Though India had the buffers to prevent the volatility to pass through to retail prices of fuel, Kruse said the volatility would impact growth in the long term. The World Bank now expects significant deceleration from 7.6% growth estimated for the year before the Gulf crisis blew up.

But what we are seeing is not just the impact on shortage of domestic cooking gas and industrial gas. The global supply chain is a complex latticework dependent on timely supplies and stable prices. If any of the strands are disrupted, the cascading effect down the line creates havoc. Even if there is no war, the additional high risk insurance premium on ship cargoes and spiraling freight rates for longer routes via the Cape of Good Hope makes imports more expensive.

Hydrocarbon impact

Oil and gas are not just sources of energy. Hydrocarbons provide the derivatives for fertilizer, plastics, synthetic fibres, solvents, dyes and a host of other products. For instance, 3 key inputs for luggage makers are polypropylene, polycarbonate and polyamide. These inputs together comprise 40-45% of the production costs for hard luggage, and the price surge of 30-50% over the last month has thrown businesses out of gear. 

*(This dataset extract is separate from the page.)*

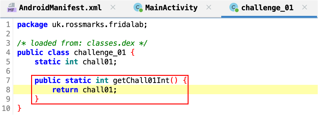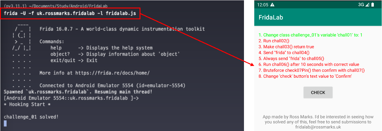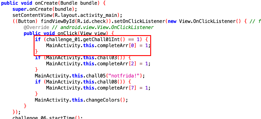 Season 1/워게임 FridaLab Write Up - Challenge 01. challenge_01 클래스의 chall01 변수의 값을 1로 변경해라 작성자 - LRTK 코드 설명 MainActivity challenge_01 chall01이라는 이름의 클래스 변수가 int 타입으로 선언만 되어있다. MainActivity에서 호출되는 getChall01Int 메소드에선 chall01 클래스 변수에 값을 지정하지 않았기 때문에 chall01 클래스 변수에 지정된 값은 0으로 지정되어 리턴하게 된다. MainActivity에서 getChall01Int 메소드의 반환 값과 1을 비교하였는데, 이는 틀리기 때문에 동작하지 않는다. Write Up Java.perform(function () { console.log("\n* Hooking Start *") var challenge01 = () => { var chall_01 = Java.use("uk.rossmarks.fridalab.challenge_01") chall_01.chall01.value = 1 console.log("\nchallenge_01 solved!") } challenge01() }) Java.use 함수를 통해 후킹할 클래스를 지정한 후 chall01의 값을 1로 변경하였다. 후킹 스크립트를 Frida를 통해 FridaLab 앱의 프로세스에 삽입 후 CHECK 버튼 클릭 시 Challeng 01의 글자 색이 초록색으로 변하는 것을 확인 할 수 있다. 사용된 API Java.perform(Fn)Frida에 요청된 Hooking 대상이 onResume()이 호출된 후 Function이 실행되는 것이다.즉, Hooking 대상이 Dalvik VM에 실행되는지 확인 후 Function을 호출한다는 뜻이다.Frida에 요청된 Hooking 대상이 Dalvik VM에 실행되지 전에 Function을 호출하는 것은 Java.performNow(Fn)이다. Java.use(Class Name)변수와 메소드에 접근할 수 있는 클래스 객체를 반환하는 메소드이다. 공유하기 게시글 관리 MSS 저작자표시 비영리 (새창열림) 'Season 1 > 워게임' 카테고리의 다른 글 FridaLab Write Up - Challenge 03. Chall03()의 리턴 값을 True로 만들어라. (0) 2022.12.15 FridaLab Write Up - Challenge 02. chall02()를 실행 시켜라. (0) 2022.12.15 FridaLab Write Up - Download & Install (0) 2022.12.15 [Android] 13. 입력 유효성 검사 문제 - Part 3 (0) 2022.11.29 [Android] 12. 하드코딩 이슈 - Part 2 (0) 2022.11.29 Contents 당신이 좋아할만한 콘텐츠 FridaLab Write Up - Challenge 03. Chall03()의 리턴 값을 True로 만들어라. 2022.12.15 FridaLab Write Up - Challenge 02. chall02()를 실행 시켜라. 2022.12.15 FridaLab Write Up - Download & Install 2022.12.15 [Android] 13. 입력 유효성 검사 문제 - Part 3 2022.11.29 댓글 0 + 이전 댓글 더보기

Some estimates put the number of downstream products dependent on oil and gas derivatives at over2,000.

Agriculture too is bearing the shock with fertilizer production hit by shortage of natural gas stocks. Imported natural gas is used for producing urea and other nitrogen-based fertilizers. Any shortage of LNG will impact input prices for farmers, and trigger a rise in food prices, stoking inflationary pressures.

India is pharmaceutical hub too, especially generic drug manufacture. This requires a a complex input side of chemical intermediates, many of which are derived from petrochemicals. Disruptions in supply will delay production, increase costs, and hit exports.

Ditto for electronics and semiconductor manufacture. These are reliant on special chemicals and polymers, which are derivatives of oil extracts. Even small disruptions in these inputs can halt production lines.

There are no short-term solutions; but long-term diversification of energy sources is a must. Petroleum secretary Neeraj Mittal reveals India has been working on this for a while. Now, crude oil comes from 41 countries, up from 27 earlier, while LNG is sourced from 30 nations as against 15 previously. However, a single county, Qatar, is India’s source for 45-50% of LNG and 26-34% of LPG imports.

Strengthening domestic capacity for petrochemicals and fertilizers, and making a harder push for alternative energy is the way forward. Shocks and turbulence in global supply chains have become the new normal, and the faster we develop resilience to volatility, the better we can tackle the uncertain future.